**What is needed:** Within the records that follow, restate exactly the lines from the line with "Usar arte alambre" down to the line with "关于邯钢建设项目招标公告,邯", including both. Omit the pictures.

(Collected data entries)
*-*-*

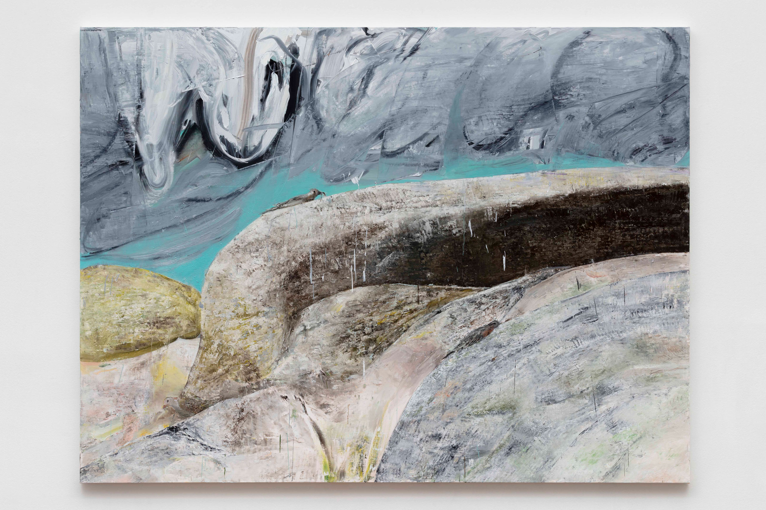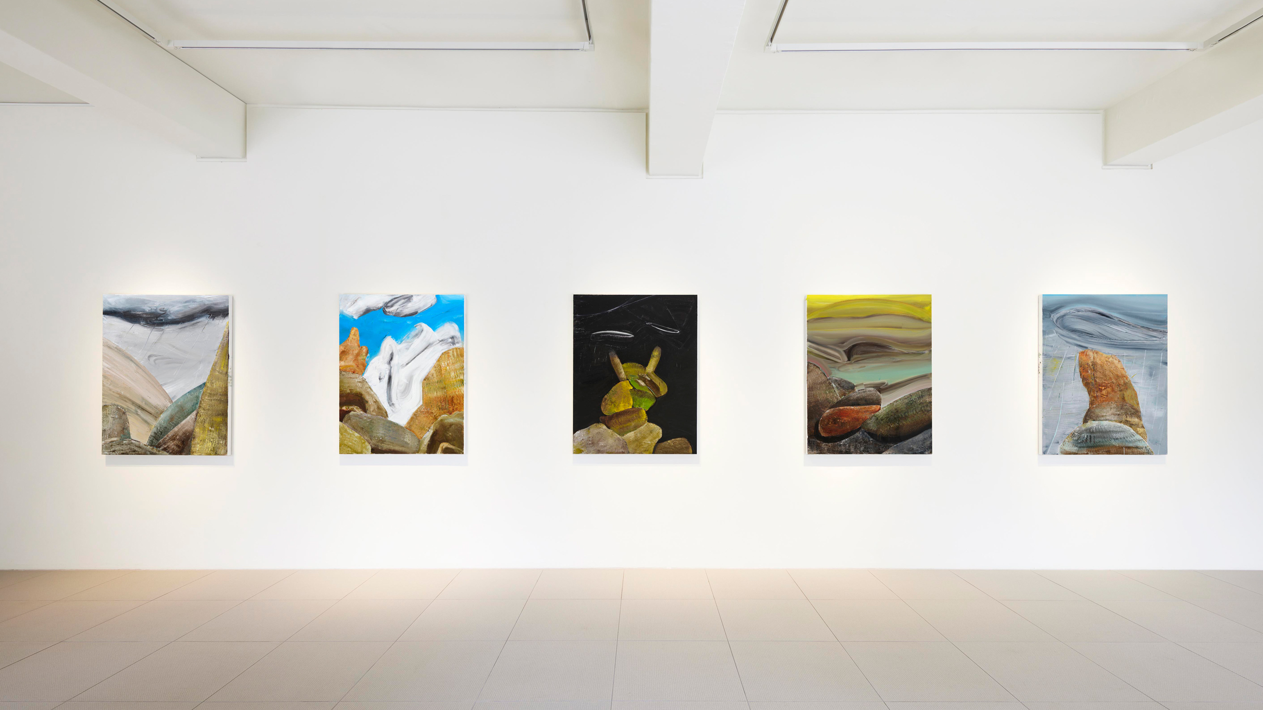 3~4년 전에는 구름을 소재로 작업했어요. 그러다 팬데믹이 오면서 관심사였던 구름이 폭풍으로 변했어요. 폭풍이 밀려올 때 느끼는 걱정과 두려움이 그 당시 상황과 비슷했답니다. 폭풍처럼 거칠게 밀려왔다가 감쪽같이 사라졌으면 하는 바람이 자연스럽게 작업으로 이어진 것 같아요. 전시 «폭풍이 온다»에서는 비구름이 밀려오는 풍경과 메마른 돌산, 텃새 그리고 슬픈 표정의 ‘마리’를 통해 인간의 태생적 불안에 대해 이야기했어요. 최근에는 «야산»이라는 전시를 통해 폭풍을 덤덤하게 받아들이는 다양한 형태의 돌산을 인간의 삶에 빗대어 표현했답니다.
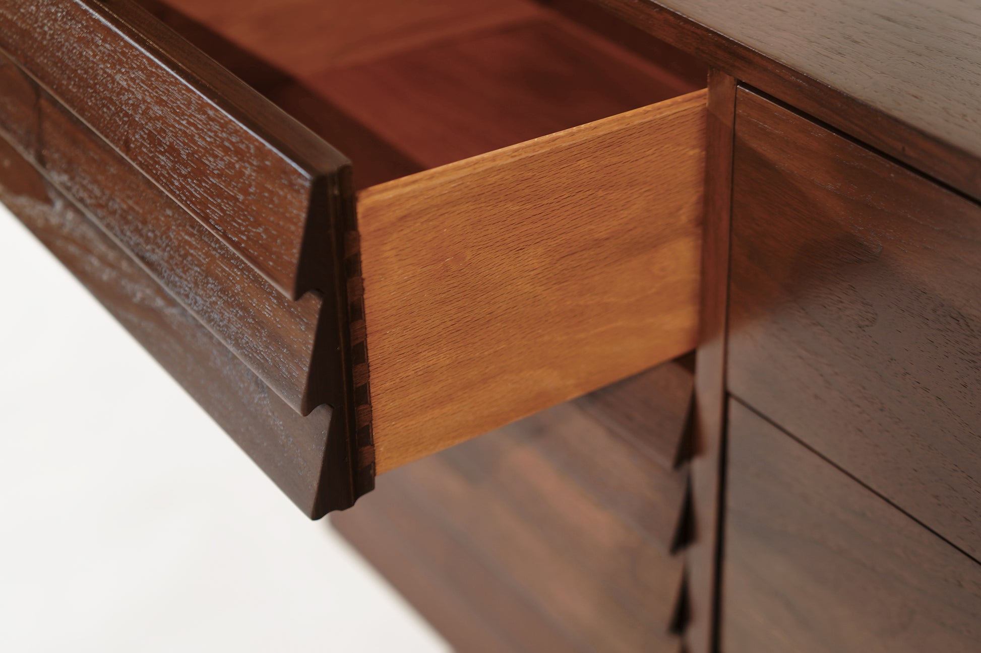 A meticulously restored mid-century modern walnut dresser by American of Martinsville. Crafted with exquisite attention to detail, this piece features lustrous brass accents that beautifully complement the rich walnut wood. With nine spacious drawers, this dresser offers ample storage space for your essentials, making it both a stunning focal point and a practical storage solution for any space.
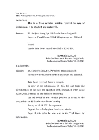 This document summarizes a court case revision petition hearing. The judge stayed the operation of the previous court order from October 12, 2021 until the next hearing date of November 12, 2021. The revision petition notice was ordered to be issued to the respondents. The trial court record was reviewed and the special public prosecutor and police inspector were present to provide submissions.
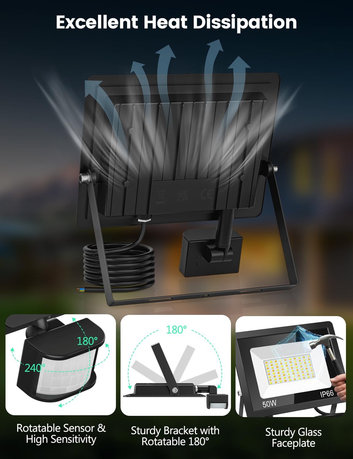 【Durable & Energy Saving】-The 50W security light mains powered can replace an old style halogen spotlight that was 500 watts, saving more than 85% of power, saving money on your electric bill. The outside lights are constructed from die-cast aluminum material and tempered glass, Aluminum alloy shell brings good heat dissipation performance and corrosion resistance, which makes it more durable, with a service life of up to 50,000 hours.
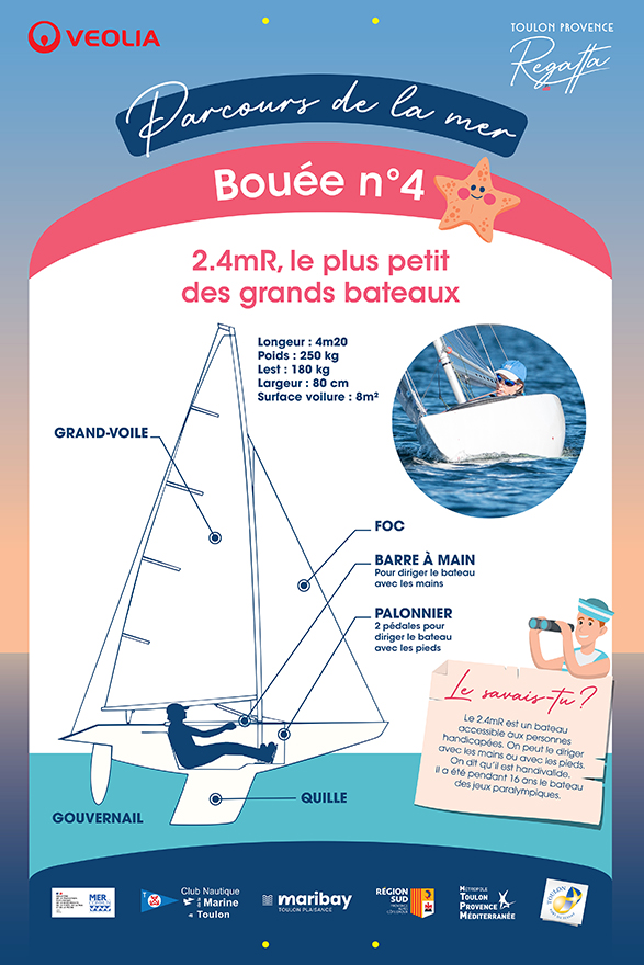 22 panneaux à la fois destinés aux adultes et aux jeunes publics abordent des thèmes allant de la voile en régate, à la biodiversité en passant par la sécurité en mer. Cette année, des panneaux mettent également en valeur les 400 ans de la Marine nationale.
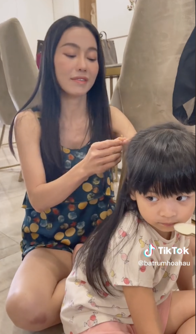 "Bà trùm Hoa hậu" dịu dàng ôm con gái vào lòng và giảng dạy: "Con không được đánh em, đánh mẹ rồi nạt nộ mọi người như vậy nha. Con là con gái, con phải dịu dàng, con phải nhẹ nhàng chứ. Con như vậy mẹ đau lòng lắm con biết không? Mẹ nhìn con hung dữ như vậy, mẹ rất là đau lòng con biết không?". Khi dạy con, "dì Dung" không quên hôn bé, vuốt tóc, nhìn thẳng vào mắt Annie,... để trấn an con.
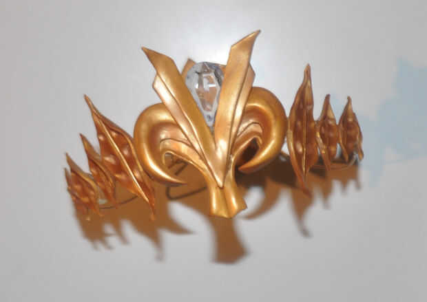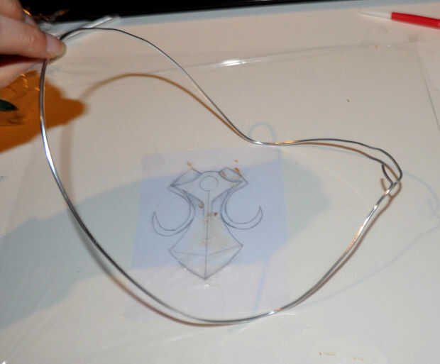 Usar arte alambre de aluminio (preferiblemente en color oro y bronce) para hacer una base para la corona, probarlo en y asegúrese de que encaja bien. Si vas a usar una peluca para este cosplay, puede que necesite probar con la peluca.
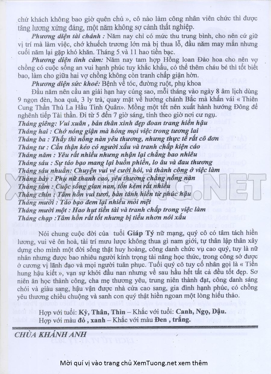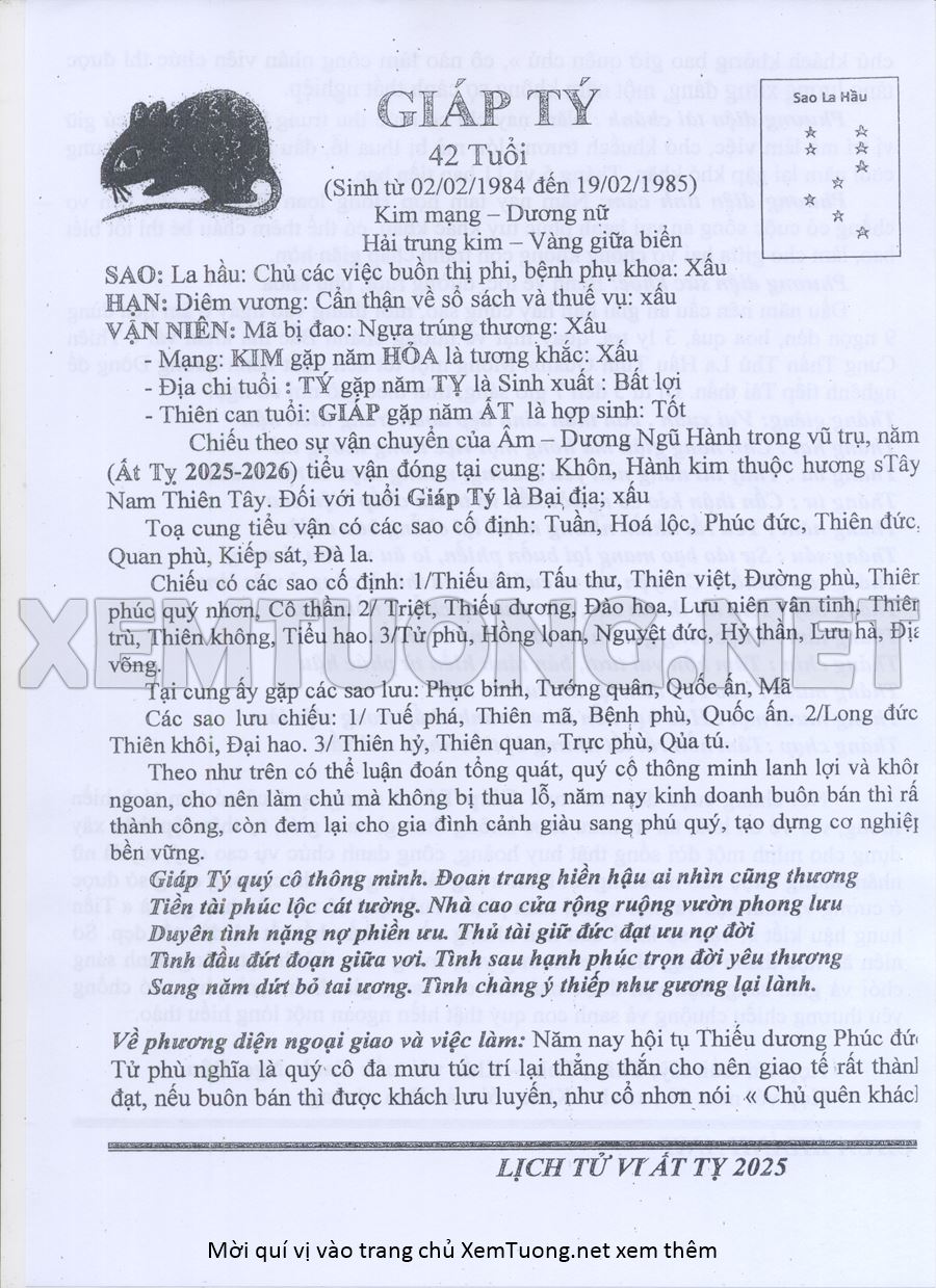 Tử Vi Năm Ất Tỵ 2025 mạng nữ GIÁP TÝ
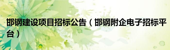 关于邯钢建设项目招标公告,邯钢附企电子招标平台这个很多人还不知道,今天菲菲来为大家解答以上的问题,现在让我们一起来看看吧!
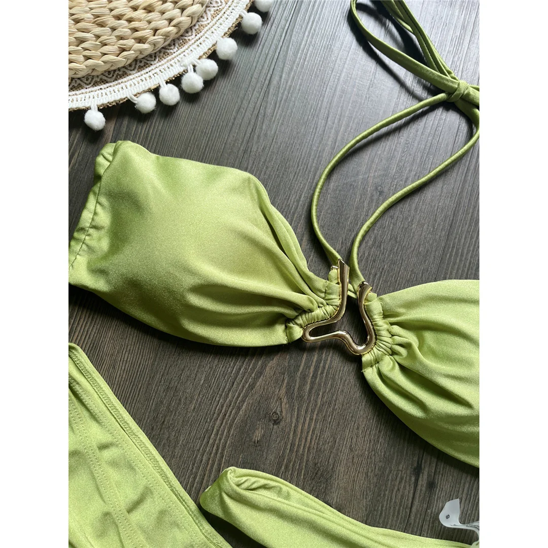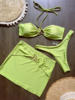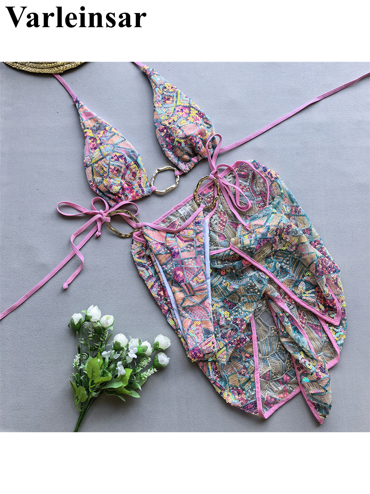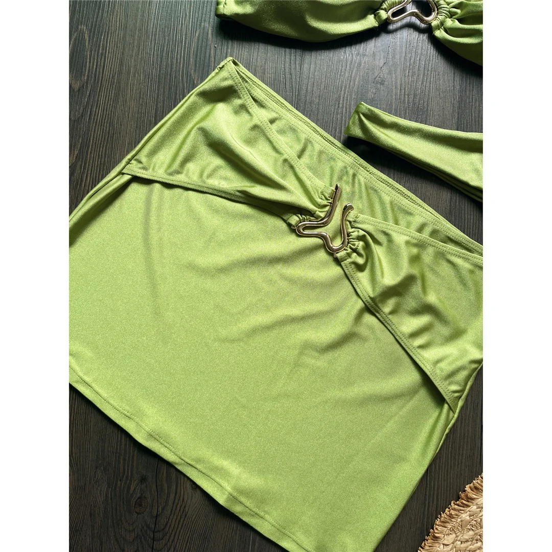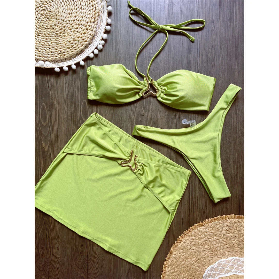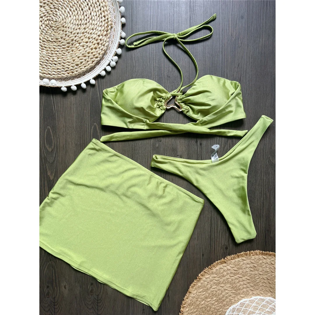 With Skirt Halter Metal Ring Bikini Women Swimwear Female Swimsuit Three-pieces Bikini set Padded Bather Bathing Suit Swim V7304
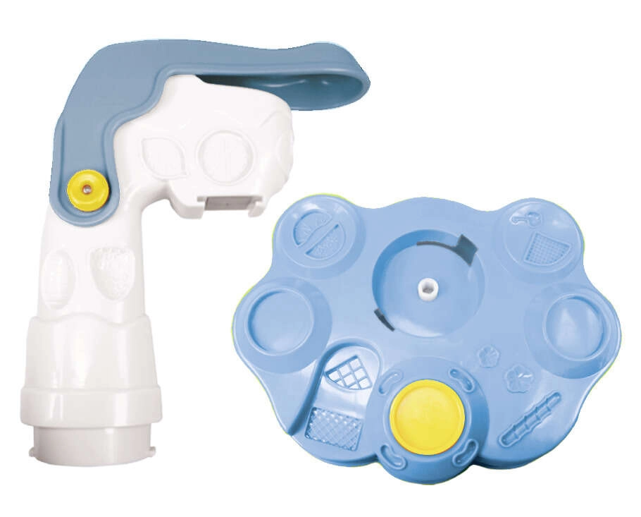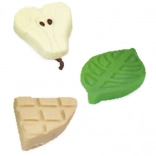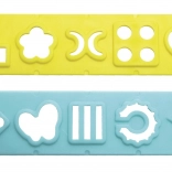 Različni nastavki, žigi in modeli za okraske in “prelive” razvijajo domišljijo in fino motoriko pri okraševanju sladic.
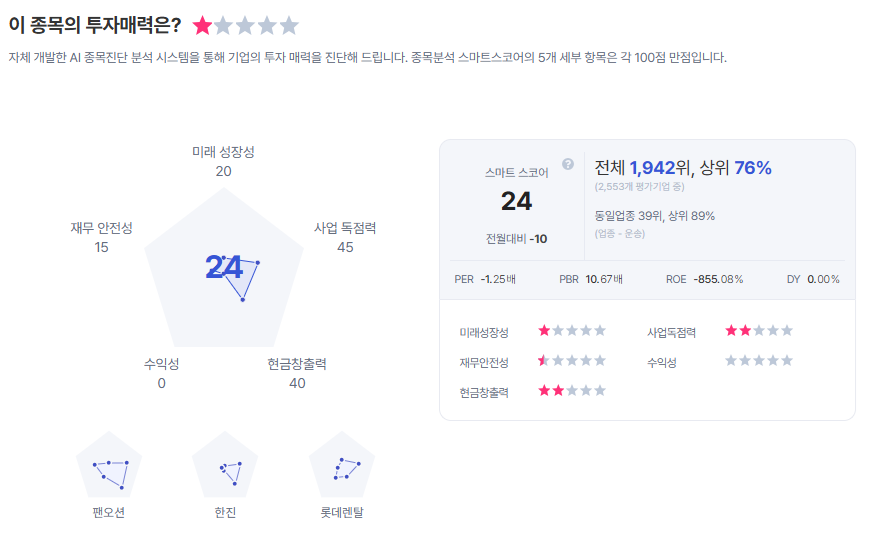| 티웨이항공 종목진단 (출처=초이스스탁) |
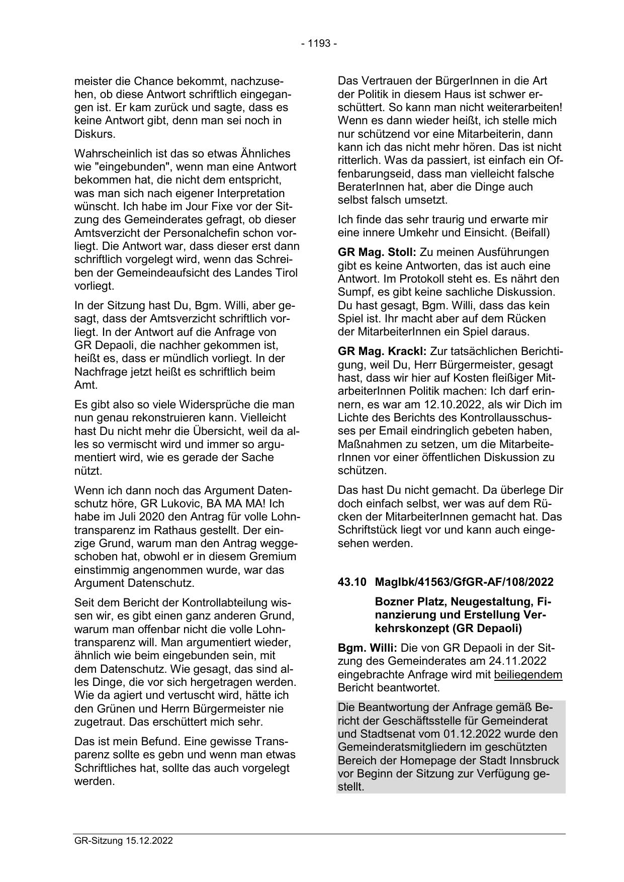 Bgm. Willi: Die von GR Depaoli in der Sitzung des Gemeinderates am 24.11.2022
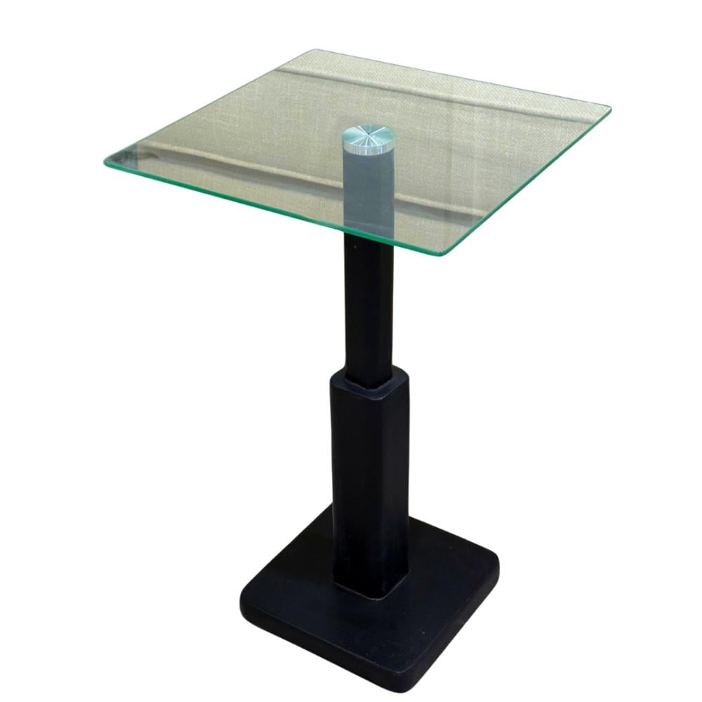 طاولة جانبية مربعة بسطح زجاجي شفاف وقطعة بديل الرخام وقاعدة رخامية – عمود حديد ذهبي (35×35×50 سم)
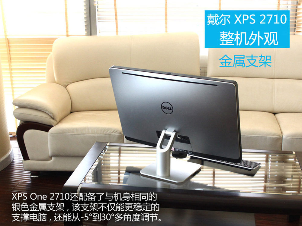 XPS One 2710还配备了与机身相同的银色金属支架,该支架不仅能更稳定的支撑电脑,还能从-5度到30度多角度调节6/18

*-*-*

**Answer for the task:**
 Usar arte alambre de aluminio (preferiblemente en color oro y bronce) para hacer una base para la corona, probarlo en y asegúrese de que encaja bien. Si vas a usar una peluca para este cosplay, puede que necesite probar con la peluca.
 Tử Vi Năm Ất Tỵ 2025 mạng nữ GIÁP TÝ
 关于邯钢建设项目招标公告,邯钢附企电子招标平台这个很多人还不知道,今天菲菲来为大家解答以上的问题,现在让我们一起来看看吧!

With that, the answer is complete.